SİVEREK’TEKİ MEVAŞÎ

SİVEREK’TEKİ MEVAŞÎ

Eski Siverek Müstüsü Dr. Ahmet YILMAZ’dan dinlemiştim. Cumhuriyetin ilk yıllarında Siverek Mutasarrıflıktan kaymakamlığa yeni geçmişti. O yıllarda yazışmalar henüz eski yazıyla yapılır ve resmî yazışmalarda Osmanlı Türkçesi esas alınırdı. Mutasarrıflıktan sonra ilçeye yeni kaymakam atanmış, ancak kaymakam oldukça genç olduğu için Osmanlı Türkçesin tam anlamıyla konuşacak ve anlayacak yaşta değildi.
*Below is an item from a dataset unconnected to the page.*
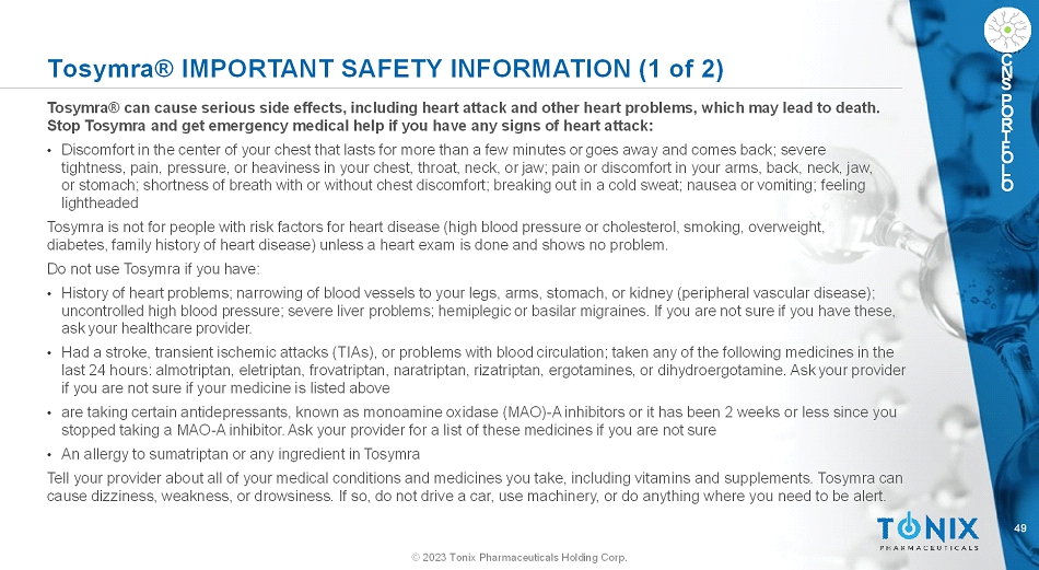 48 © 2023 Tonix Pharmaceuticals Holding Corp. C N S P O R T F O L I O Zembrace® IMPORTANT SAFETY INFORMATION(2 of 2) Zembracemay cause serious side effects including: • Changes in color or sensation in your fingers and toes; sudden or severe stomach pain, stomach pain after meals, weight loss, nausea or vomiting, constipation or diarrhea, bloody diarrhea, fever; cramping and pain in your legs or hips; feeling of heaviness or tightness in your leg muscles; burning or aching pain in your feet or toes while resting; numbness, tingling, or weakness in your legs; cold feeling or color changes in one or both legs or feet; increased blood pressure including a sudden severe increase even if you have no history of high blood pressure; medication overuse headaches from using migraine medicine for 10 or more days each month. If your headaches get worse, call your provider. • Serotonin syndrome, a rare but serious problem that can happen in people using Zembrace, especially when used with anti-depressant medicines called SSRIs or SNRIs. Call your provider right away if you have: mental changes such as seeing things that are not there (hallucinations), agitation, or coma; fast heartbeat; changes in blood pressure; high body temperature; tight muscles; or trouble walking. • Hives (itchy bumps); swelling of your tongue, mouth, or throat • Seizures even in people who have never had seizures before The most common side effects of Zembraceinclude: pain and redness at injection site; tingling or numbness in your fingers or toes; dizziness; warm, hot, burning feeling to your face (flushing); discomfort or stiffness in your neck; feeling weak, drowsy, or tired. Tell your provider if you have any side effect that bothers you or does not go away. These are not all the possible side effectsof Zembrace. For more information, ask your provider. This is the most important information to know about Zembracebut is not comprehensive. For more information, talk to your provider and read the Patient Informationand Instructions for Use. You can also visit www.upsher-smith.comor call 1-888-650-3789. For full Prescribing Information, visit: https://dailymed.nlm.nih.gov/dailymed/drugInfo.cfm?setid=6e5b104f-2b9e-416e-92fb-ef1bdaea867d You are encouraged to report adverse effects of prescription drugs to the FDA. Visit www.fda.gov/medwatchor call 1-800-FDA-1088. Zembraceis a prescription medicine used to treat acute migraine headaches with or without aura in adults who have been diagnosed with migraine. Zembraceis not used to prevent migraines. It is not known if it is safe and effective in children under 18 years of age.
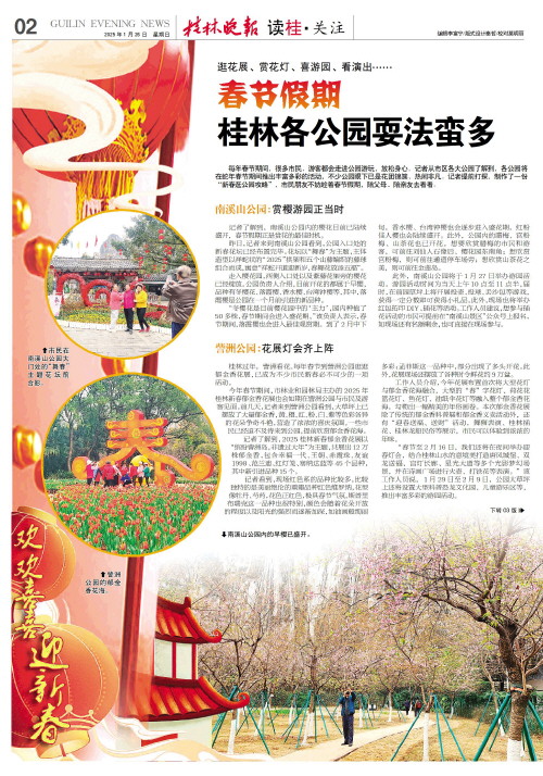 每年春节期间,很多市民、游客都会走进公园游玩,放松身心。记者从市区各大公园了解到,各公园将在蛇年春节期间推出丰富多彩的活动,不少公园眼下已是花团锦簇、热闹非凡。记者提前打探,制作了一份“新春逛公园攻略”,市民朋友不妨趁着春节假期,陪父母、陪亲友去看看。

Bu yüzden Ankara’dan ilçeye gönderilen ve Osmanlı Türkçesi ile yazılan resmî yazıları anlamakta zorluk çekiyordu.

Bir gün Ankara’dan ilçeye şöyle bir yazı gelir: “Devletin ziraî istihsallarına ve bazı ihsaî bilgilere esas olmak üzere kazanız ve havalisinde mevcut bulunan mevaşilerin tespiti ve acilen gönderilmesi için gerekenleri rica ederim

Bugünün Türkçesiyle, “Devletin tarım ürünlerine ve bir kısım istatistikî bilgilere esas olmak üzere ilçeniz ve çevresinde bulunan koyun, keçi ve davarların acilen tespit edip gönderilmesi için…” anlamında bir yazıydı.

Kaymakam bey yazının içinde yer alan “MEVAŞÎ” kelimesinin ne anlama geldiğini bilemediği için Kaymakamlıkta çalışan yaşlı bir memura sormuştu. Memur da tahmini bir cevap vererek, “Bunu bilmeyecek ne var Kaymakam bey? Mevaşî “Maaşlı” anlamında arapça bir kelimedir” demiş.

Mevaşinin ne anlama geldiğini böylece öğrenen Kaymakam ilçede maaşlı olan memurların listesini hazırlamış. Ancak o zamanın şartlarında sadece ilçe müftüsü maaşını Maliyeden değil de Vakıflardan alıyordu. Yani müftü bey dışında herkes maliyeden maaşını alıyordu.

Bunun üzerine Kaymakam şöyle bir yazı hazırlar: “Ekli listede de görüleceği üzere, Müftü Efendi dışında kazamız ve havalisinde bulunan memurlar olarak hepimiz mevaşiyiz efendim.”